The lawsuit was filed in 2009 by late Dr. Darren Sewell, a former chief medical officer who worked at Freedom and Optimum from 2007 to 2012. Sewell passed away in 2014 but the case continued.

Under the settlement agreements, the Tampa-based companies, run by Dr. Kiranbhai Patel, and Siddhartha Pagidipati, will pay the US government $16.7 million to resolve the allegations of risk adjustment fraud and $15 million for the allegedly fraudulent expansion of their service areas, for a total settlement amount of $31.7 million.

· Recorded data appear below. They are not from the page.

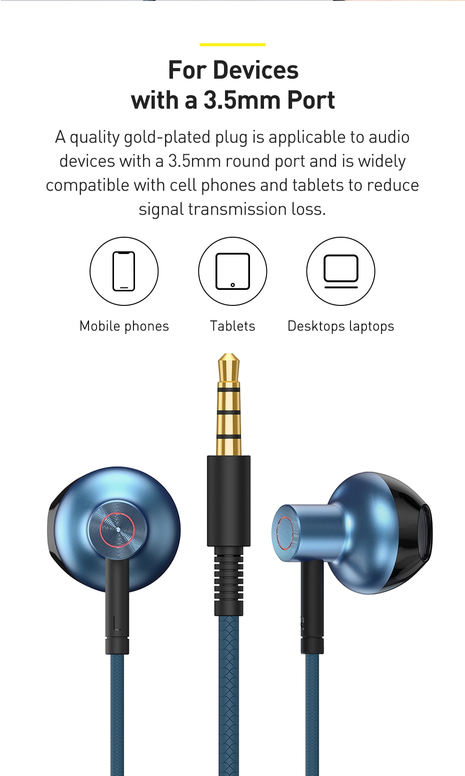 Sản phẩm tai nghe có dây Baseus Encok H06 - Hỗ trợ hiệu ứng âm thanh vòm 8D với 8 lõi âm thanh nổi - Bộ dây 14.2mm cho âm thanh tự nhiền với những
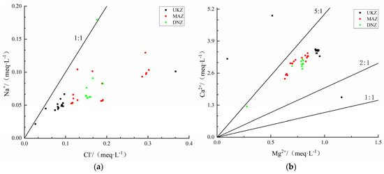 The chloro-alkali index (CAI) method (CAI-I and CAI-II) is applicable for analyzing cation exchange adsorption between groundwater and sediments [38]. When the CAI value is less than 0, it indicates that cation exchange adsorption has occurred, and the greater the negative value, the more significant the effect. In addition, the relationship between [γ(Ca2⁺) + γ(Mg2⁺) − γ(HCO3⁻) − γ(SO42⁻)] and [γ(Na⁺) − γ(Cl⁻)] can further analyze the cation exchange process in groundwater. Ion ratios reflect residual Ca2⁺ and Mg2⁺ after the dissolution or precipitation of calcite, dolomite, and gypsum, as well as remaining Na⁺ following the dissolution or precipitation of halite.
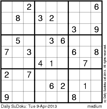 The Daily SuDoku: Tue 9-Apr-2013
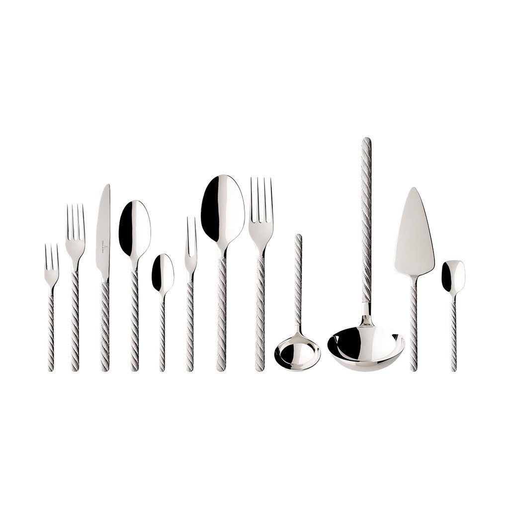Das passende Besteck zur Geschirr-Kollektion Montauk mit markantem Seil-Relief am Heft liegt besonders gut in der Hand. Ob beim gemütlichen Essen zu zweit oder beim entspannten Abend im Freundeskreis: Montauk ist das perfekte Besteck für jeden Tag, schlicht und dennoch effektvoll. Bereits seit 1748 steht Villeroy & Boch für elegantes Geschirr-Design erster Güte. Das Tafelbesteck für zwölf Personen mit passendem Servierbesteck eignet sich für jeden Tag oder zu besonders festlichen Anlässen. Holen Sie sich das passende Besteck zum Porzellan-Service von Villeroy & Boch. Natürlich geeignet für die Spülmaschine, wird in edler Besteck-Kassette geliefert.
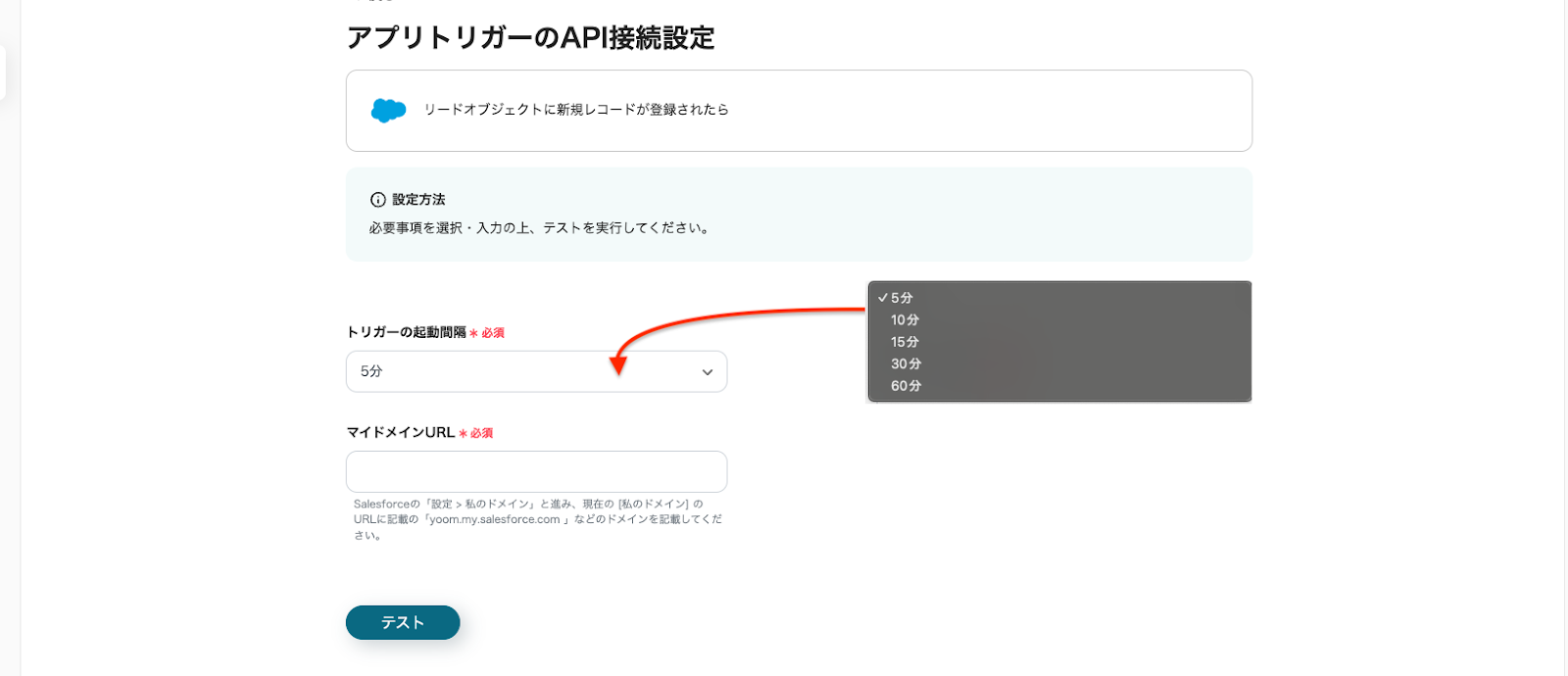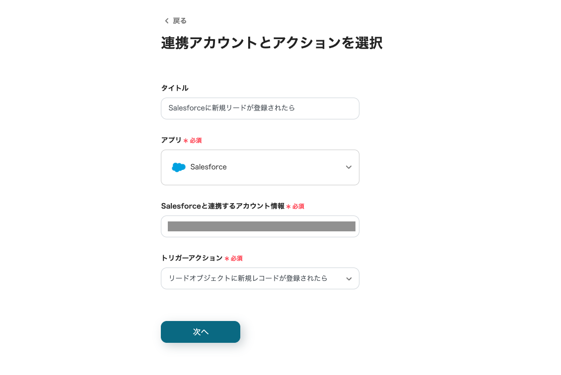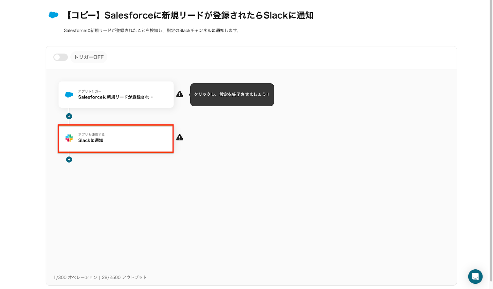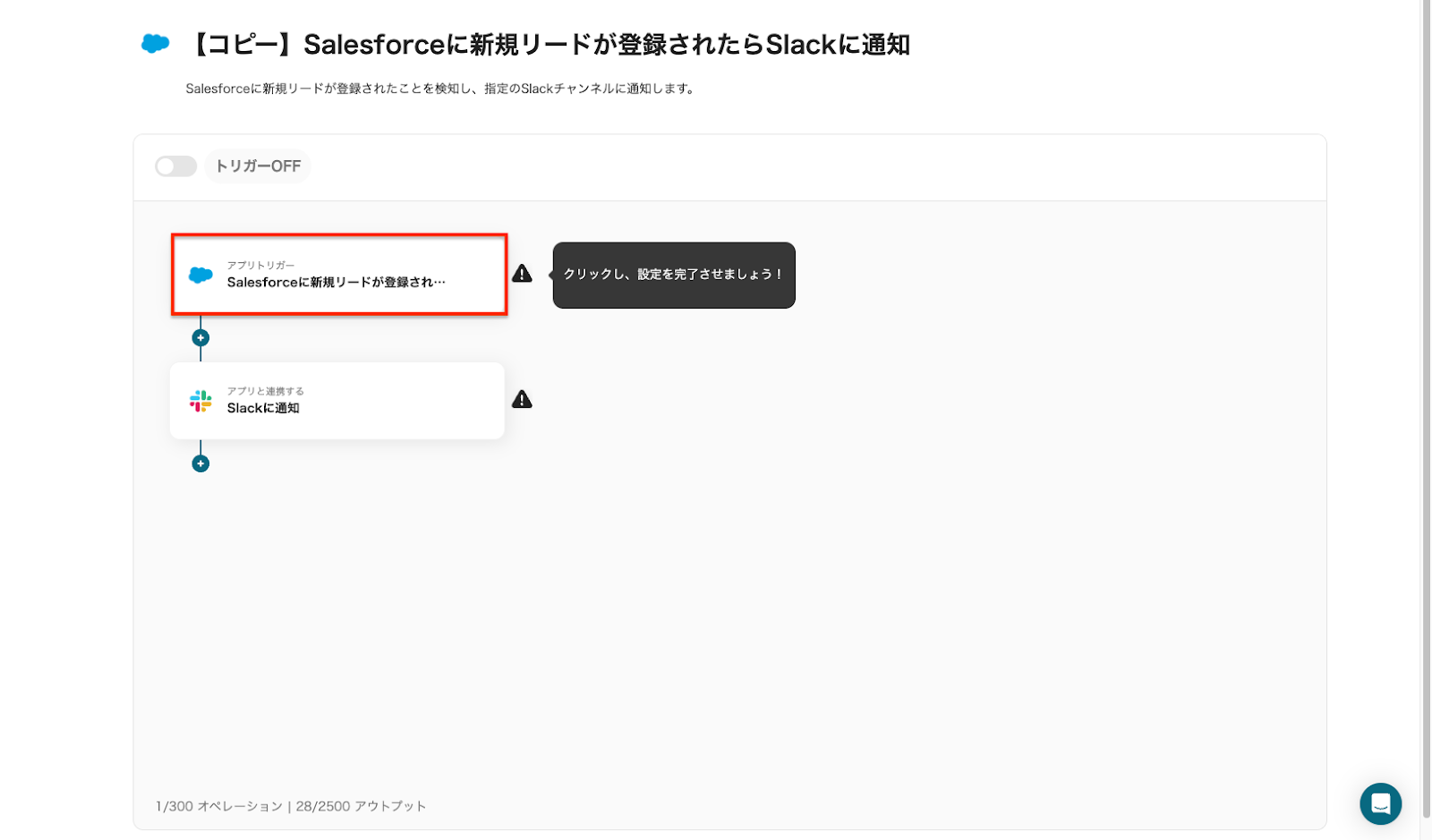「Salesforceに新規リードが登録されたら」をクリックしてください。

Pagidipati, Freedom's former chief operating officer, will pay the United States $750,000 to resolve allegations regarding his role in the allegedly fraudulent expansion of Freedom's and Optimum's service areas.

The whistleblower complaint alleged that Freedom and Optimum improperly gamed a feature of the Medicare Advantage program known as risk adjustment, or risk scoring, which allows Medicare to make additional payments to managed-care plans based on the plan members' health-risk scores, which are calculated using patients' medical diagnoses.

Higher risk scores are supposed to reflect treatment of sicker patients, and risk-adjustment reimbursement is designed to offset increased costs associated with treating these patients. The lawsuit alleged that Freedom and Optimum fraudulently inflated their members' risk scores and the corresponding risk adjustment payments they received from CMS, the complaint alleges, by claiming their members were treated for conditions they either did not have or were not treated for.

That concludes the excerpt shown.